_Entries supplied_

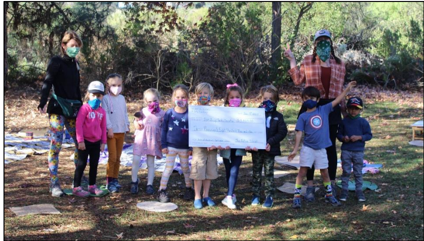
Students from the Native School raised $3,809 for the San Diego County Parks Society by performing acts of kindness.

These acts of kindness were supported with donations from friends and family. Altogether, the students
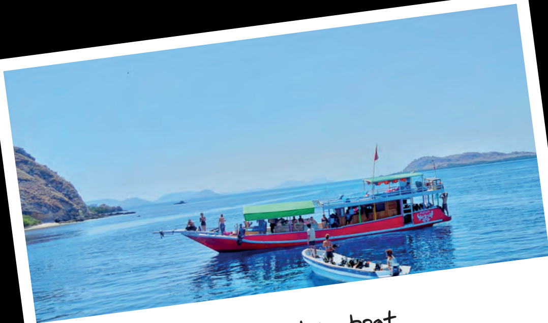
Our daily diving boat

...

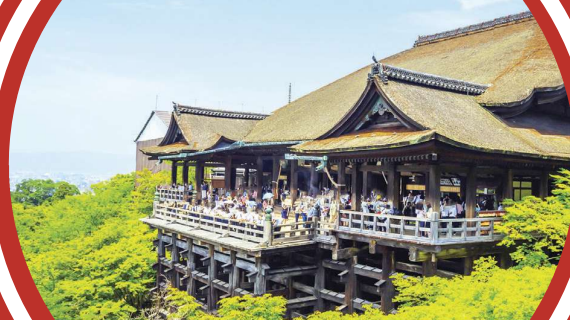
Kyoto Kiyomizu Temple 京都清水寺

_What the task requires_
Starting at the line above that has "Students from the" and ending at the line that has "Our daily diving boat", copy each line exactly, leaving the pictures out and adding nothing.

_Response_
Students from the Native School raised $3,809 for the San Diego County Parks Society by performing acts of kindness.

These acts of kindness were supported with donations from friends and family. Altogether, the students
Our daily diving boat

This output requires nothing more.